How Much VRAM Do You Need to Run an LLM Locally?
Author · AI Local Check
The short answer
The main thing that decides whether you can run an AI model on your computer is how much memory your graphics card has. Bigger models need more memory, and compressing a model lets it fit in less, at some cost to quality. If a model is still too large, it can usually run anyway by spilling part of it onto your system memory, just more slowly. The table below shows what each model size typically requires.
Rule of thumb: at Q4_K_M quantization, a model needs roughly 0.7 GB of VRAM per billion parameters for its weights — plus a little extra for the KV cache and system overhead.
| Model size | Example model | VRAM (Q4_K_M) | Min GPU |
|---|---|---|---|
| 1B | Llama-3.2-1B-Instruct | 1.68 GB | 4 GB |
| 3B | Llama-3.2-3B-Instruct | 3.12 GB | 4 GB |
| 8B | Meta-Llama-3.1-8B-Instruct | 5.88 GB | 6 GB |
| 14B | Qwen2.5-14B-Instruct | 9.92 GB | 10 GB |
| 32B | Qwen2.5-32B-Instruct | 20.29 GB | 24 GB |
| 70B | Llama-3.3-70B-Instruct | 41.65 GB | 48 GB |
Worked example — Meta-Llama-3.1-8B-Instruct at Q4_K_M needs about 5.88 GB (6 GB GPU). Llama-3.3-70B-Instruct needs about 41.65 GB (48 GB GPU).
How VRAM use is calculated
Total memory use comes from three parts: the model's weights, the KV cache that grows as the prompt or conversation gets longer, and a fixed overhead for the runtime. The weights dominate, but the KV cache matters a lot for long contexts.
| Component | Example (Qwen2.5-7B, Q4_K_M, 4K ctx) |
|---|---|
| Model weights (real GGUF size) | 4.36 GB |
| KV cache (grows with context) | 0.22 GB |
| System / compute overhead | 0.8 GB |
| Total VRAM needed | 5.38 GB |
The role of quantization
Quantization shrinks a model by storing its weights at lower precision.
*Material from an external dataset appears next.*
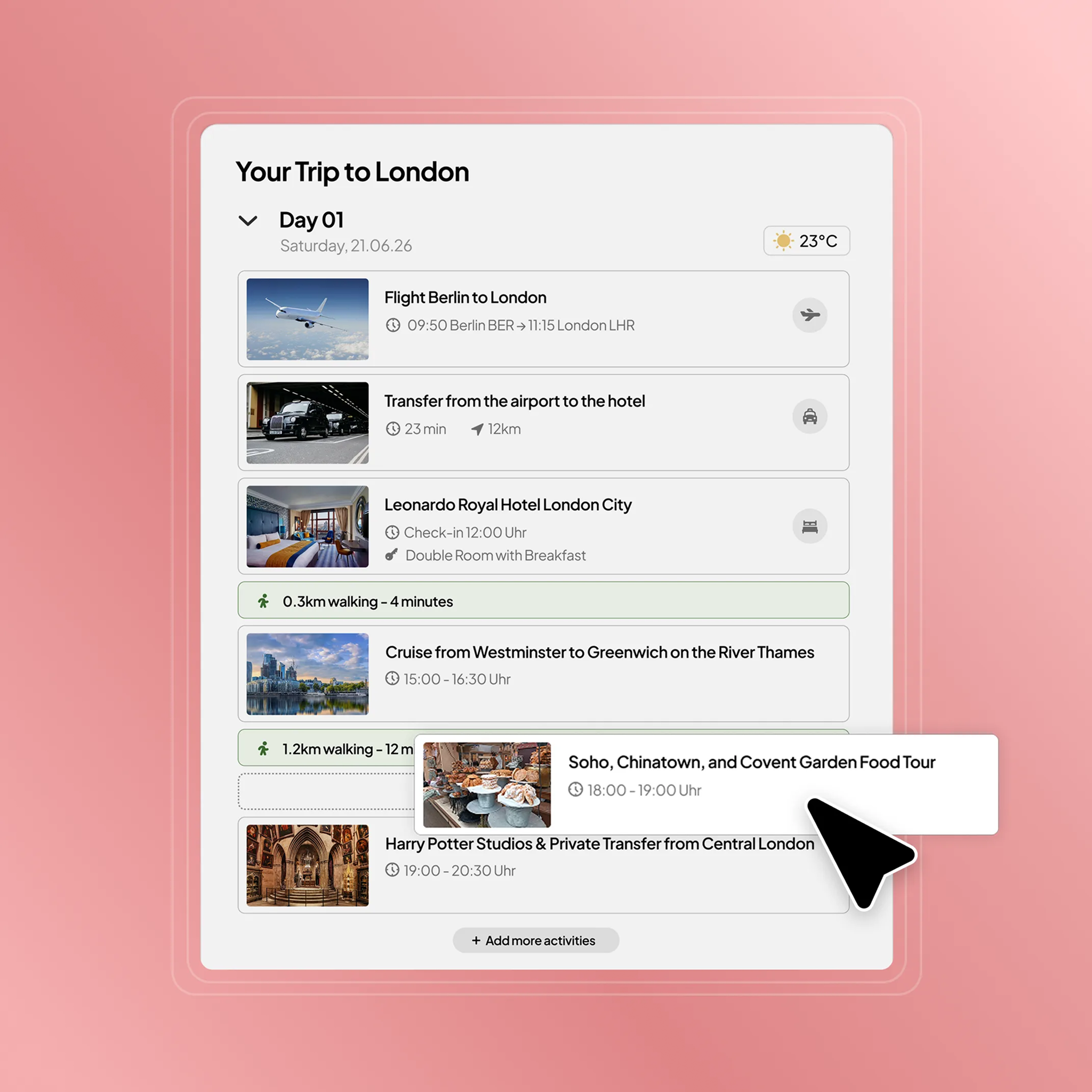 Enable your partners to sell complete journeys, not just flights or rooms. Curated packages that build themselves from your inventory—ready to book in one click.

This cuts memory use dramatically, letting large models run on modest hardware. The trade-off is quality: the more aggressive the compression, the more answers can degrade, so the goal is the highest quality that still fits your memory.
| Quantization | VRAM needed | Quality |
|---|---|---|
| Q2_K | 3.83 GB | Low |
| Q3_K_M | 4.57 GB | Fair |
| Q4_K_M | 5.38 GB | Good |
| Q5_K_M | 6.09 GB | Very good |
| Q6_K | 6.84 GB | Excellent |
| Q8_0 | 8.56 GB | Excellent |
What you can run on each GPU
The memory on your graphics card sets a hard ceiling on the size of model you can run fully on the GPU. Choosing hardware is really about deciding which models you want to run, then picking a card with enough memory for them.
| GPU VRAM | Largest model (Q4) | Comfortable sizes |
|---|---|---|
| 8 GB | 8B | 1B, 3B, 8B |
| 12 GB | 14B | 1B, 3B, 8B, 14B |
| 16 GB | 14B | 1B, 3B, 8B, 14B |
| 24 GB | 32B | 1B, 3B, 8B, 14B, 32B |
Context length and the KV cache
The KV cache is the most variable part of memory use: the more text the model handles at once, the larger it grows. If you plan to work with long documents or conversations, leave extra memory headroom beyond the weights alone.
When VRAM isn't enough: CPU offloading
When a model doesn't fit in your graphics card, part of it can be offloaded to your system's main memory. This lets you run models that would otherwise be too big, but the parts running on the CPU are much slower, so it is a trade-off between capability and speed.
Frequently asked questions
How much VRAM do I need for a 7B model?
About 5.38 GB at Q4_K_M and a 4096-token context: 4.36 GB of weights, 0.22 GB of KV cache and 0.8 GB of overhead.
How much VRAM for a 70B model?
Around 41.65 GB at Q4_K_M, which means a 48 GB GPU.
Can an 8 GB GPU run an 8B model?
Yes. Meta-Llama-3.1-8B-Instruct at Q4_K_M needs about 5.88 GB, which fits in 8 GB.
Does a higher quantization need more VRAM?
Yes. More bits per weight means better quality but more memory; lower quantization saves memory at some quality cost.